Quote the whole listing exactly. Leave the pictures out of your copy.

■ **COLLECTED DATA**:
= = = =
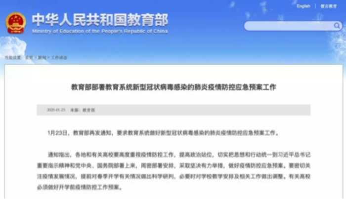 1月23日,教育部再发通知,要求教育系统做好新型冠状病毒感染的肺炎疫情防控应急预案工作。
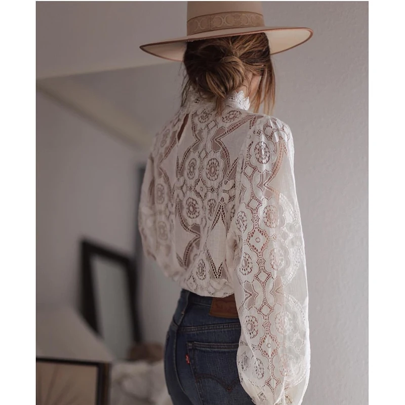 GOPlUS Женская Осенняя рубашка белая кружевная крючком Прозрачная ж...
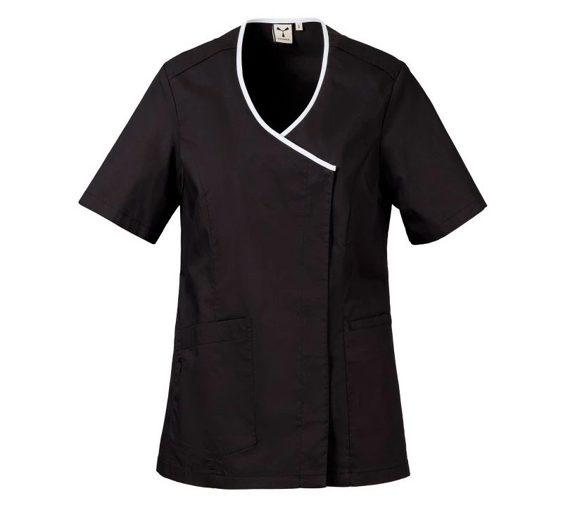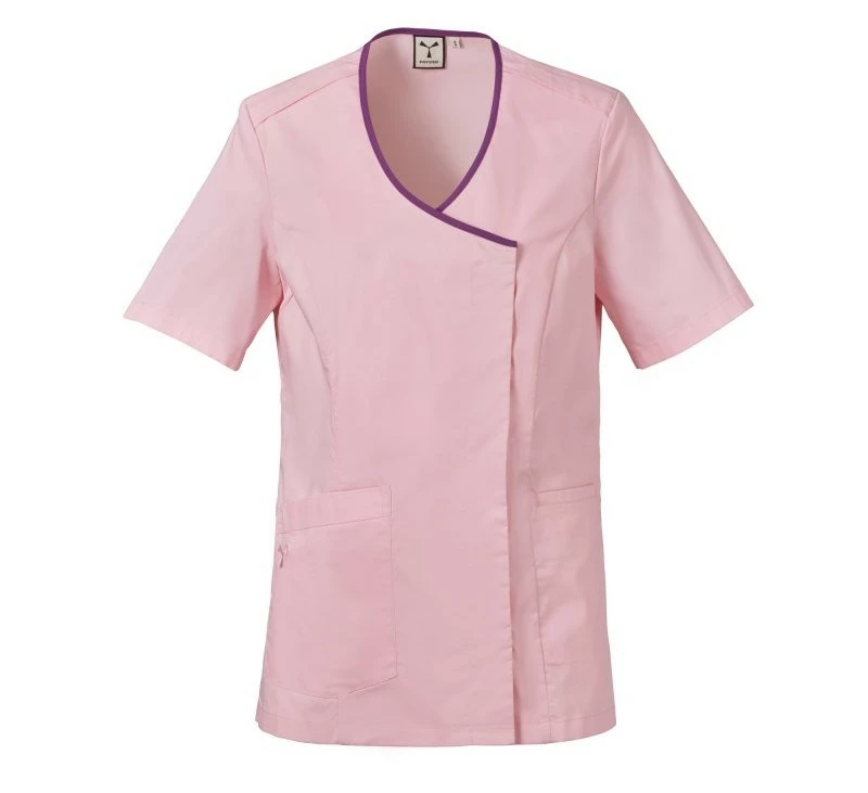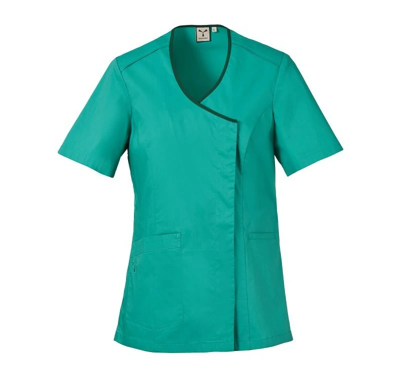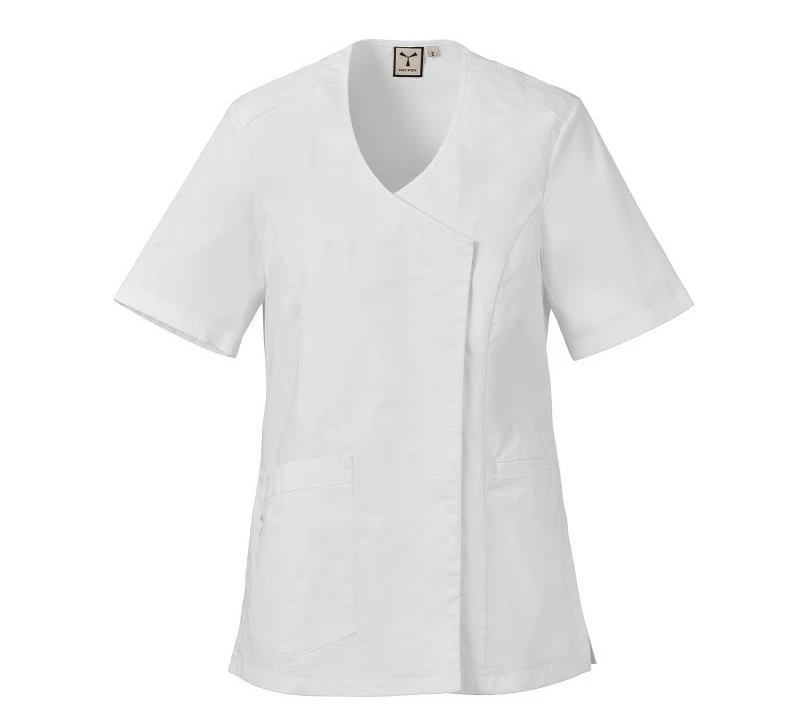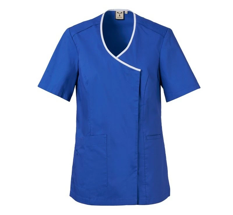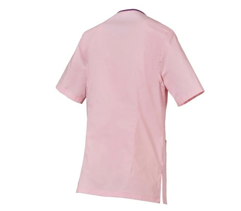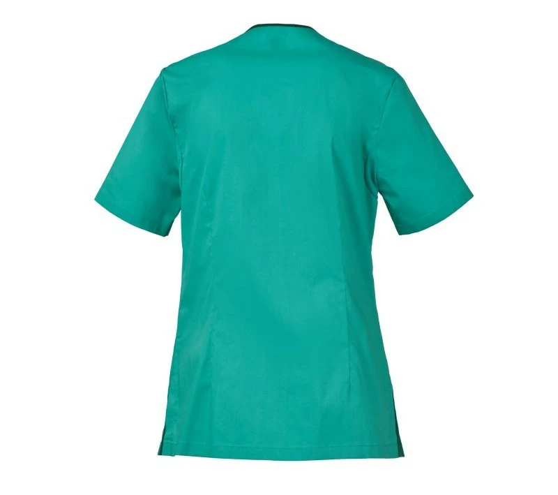 Dámský plášť s krátkým rukávem, z bavlněného popelínu, polyesteru a Lycry ® T400 ®, s vynikajícími elastickými a prodyšnými vlastnostmi. Výstřih do V s kontrastním barevným lemem. Zapínání na skryté druky a lehká síťovaná luneta v podpaží pro zlepšení prodyšnosti. Dvě kapsy ve spodní části: jedna prostřižená a jedna našitá s ikonickou vyšívanou vrtulí tón v tónu. Boční rozparky a záševky na zádech.
= = = =
■ **SOLUTION FOR THIS EXERCISE**:
 1月23日,教育部再发通知,要求教育系统做好新型冠状病毒感染的肺炎疫情防控应急预案工作。
 GOPlUS Женская Осенняя рубашка белая кружевная крючком Прозрачная ж...
 Dámský plášť s krátkým rukávem, z bavlněného popelínu, polyesteru a Lycry ® T400 ®, s vynikajícími elastickými a prodyšnými vlastnostmi. Výstřih do V s kontrastním barevným lemem. Zapínání na skryté druky a lehká síťovaná luneta v podpaží pro zlepšení prodyšnosti. Dvě kapsy ve spodní části: jedna prostřižená a jedna našitá s ikonickou vyšívanou vrtulí tón v tónu. Boční rozparky a záševky na zádech.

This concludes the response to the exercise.